Every single time that Opportunity knocks in my life, I start to resist. I can't help myself. I don't want another straw on my back. I do not want to lose another chunk of time. I really don't want to tackle anything new right now. Oh, I have plenty of excuses.
No matter how much I grumble and mutter those excuses, God keeps nudging me toward the Opportunity.
Tonight, a businessman, who I've just come to know, asked me whether I'd help him develop his business. He complimented me on my communication skills on the phone. Alarms went off. I do NOT want to do phone work. I hate it these days. I do not have time for it.
But he's right. After 50+ years of office and corporate work, I have learned, the hard way, many skills, and phone communication is one. I declined his fishing efforts as gracefully as I could.
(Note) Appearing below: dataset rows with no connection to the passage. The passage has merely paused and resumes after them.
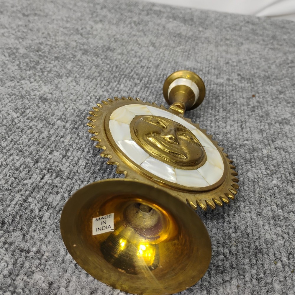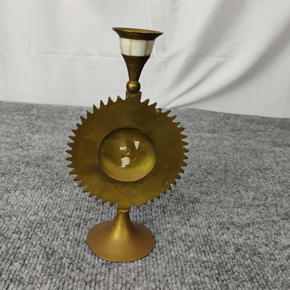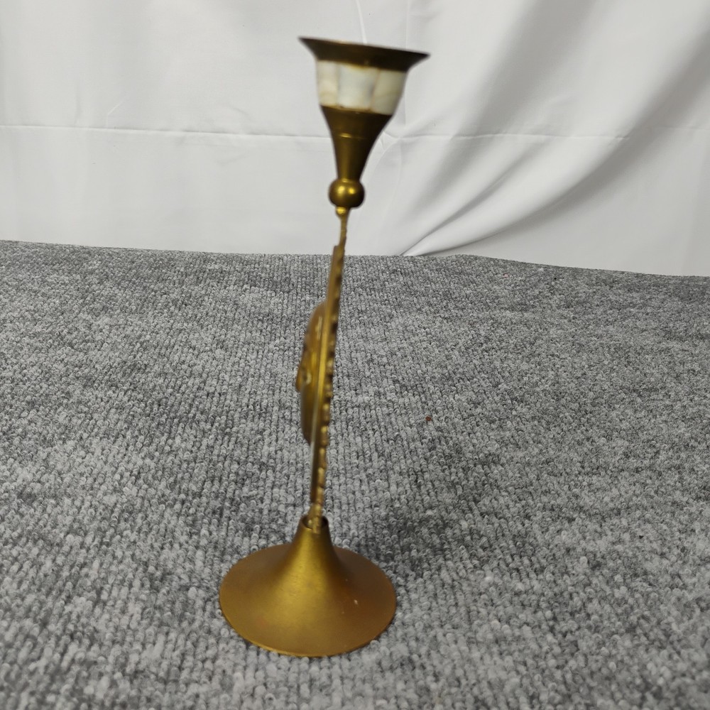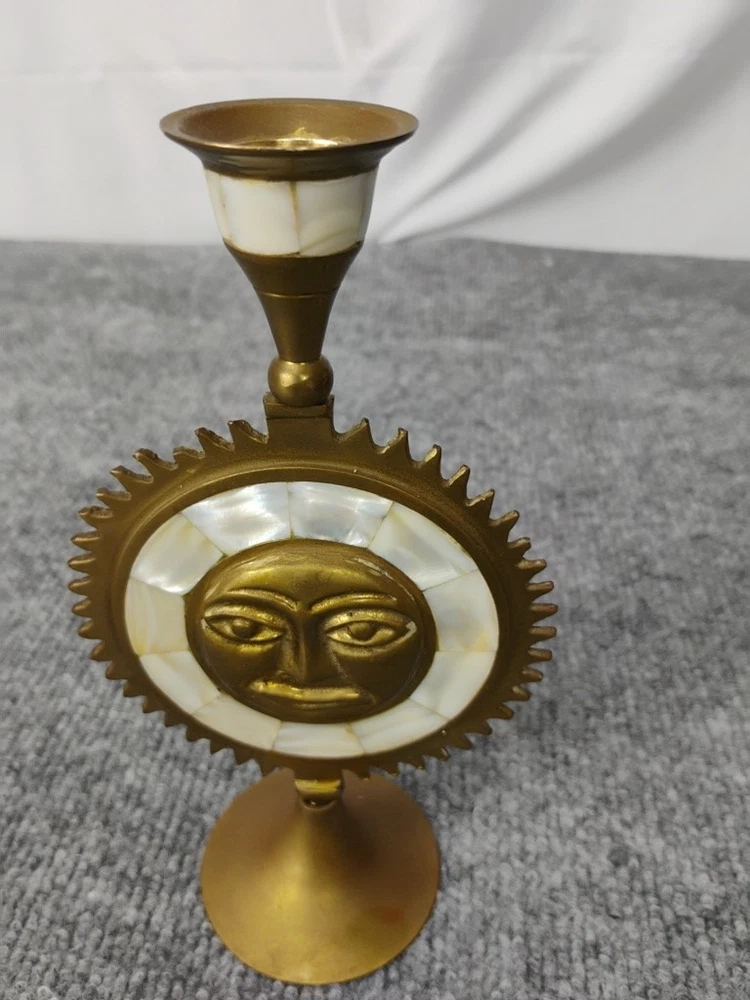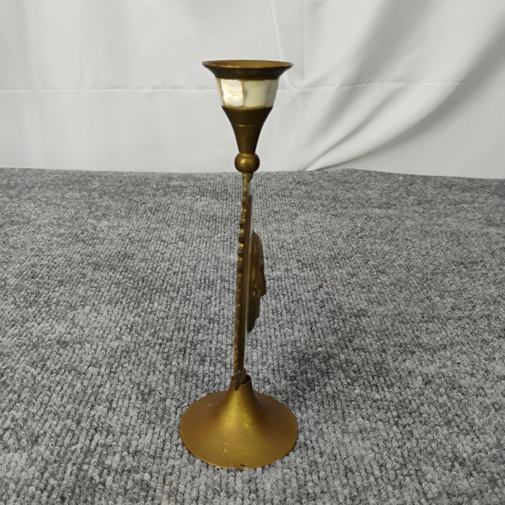 This product is a handmade vintage Mother of Pearl brass candlestick holder from the 1950s. It features an antique brass finish and a unique design. The combination of the intricate craftsmanship, the gold color, and the vintage appeal make this candle holder a standout decorative piece for any home.
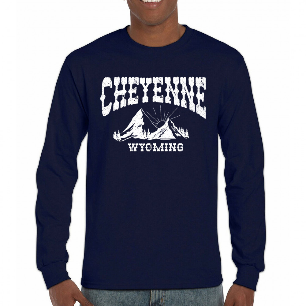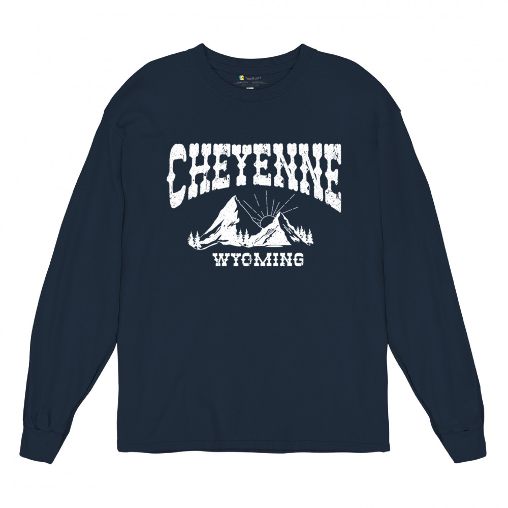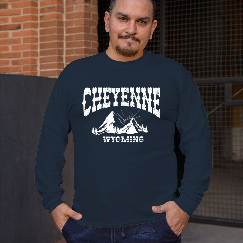 Celebrate Wyoming's beauty with this Cheyenne mountain sunrise design. Featuring vintage-style mountain scenery and Western font, it captures the essence of local pride and rugged outdoor adventure. Perfect for travelers, hikers, or anyone who loves the Western landscape.
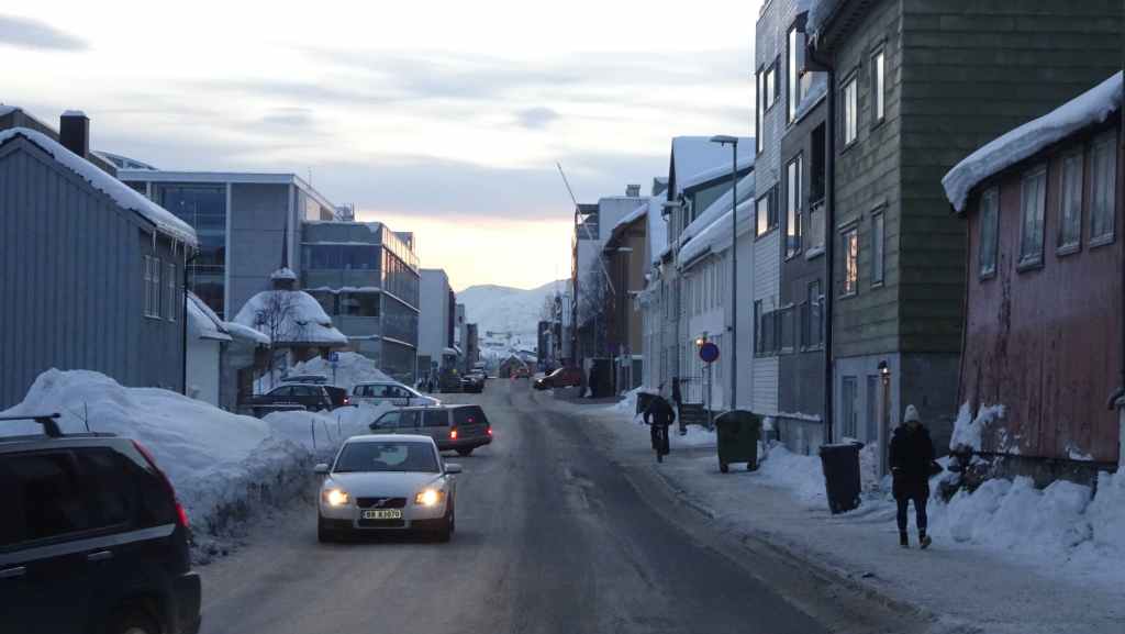 A 11h45, on traverse la colline de Tromsø par le réseau de tunnels : il y a des carrefours et même un rond-point sous-terrain : on doit rendre la voiture vers 12h00. Sur le parking, un couple de français « gueule » après leurs 2 gamins qui n’en font qu’à leur tête. Les parents sont énervés car ils ne trouvent pas leur voiture de location. Après 1 semaine de grand calme, même en ville, ce sont des français que l’on entend le plus !
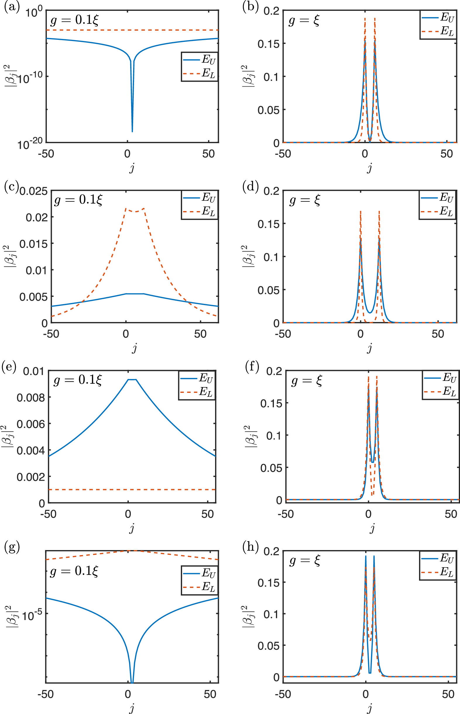 Figure 3. The photonic population in the waveguide for the BOCs ∣EU〉 and ∣EL〉. The parameters are set to (a), (b) Ω = − ξ, N = 6, φ = π. (c), (d) ${\rm{\Omega }}=-\sqrt{2}\xi ,N=12,\phi =0$. (e), (f) Ω = 0, N = 5, φ = π. (g), (h) Ω = 0, N = 5, φ = 0.

Knowing that God always pushes me harder when I resist, and I definitely did resist immediately, I took a moment to listen to what he hopes to accomplish. I suggested we start small and I'd help him place feelers out and I'd surf the competition and I'd somehow handle email and mail queries and he could deal with the most appropriate leads.
It just might work. At least, over the years, I have learned to stop shooting down ideas right at the top. I have learned to try to find other alternatives and other ways around what I consider roadblocks. Hopefully, I can help him and it might help me, some way or other.
Dear God, thank you for teaching me a little patience when you knock at my door with an Opportunity; please send me the grace and gifts of the Spirit, all that I need, to help this gentleman by using the skills you have led me to learn.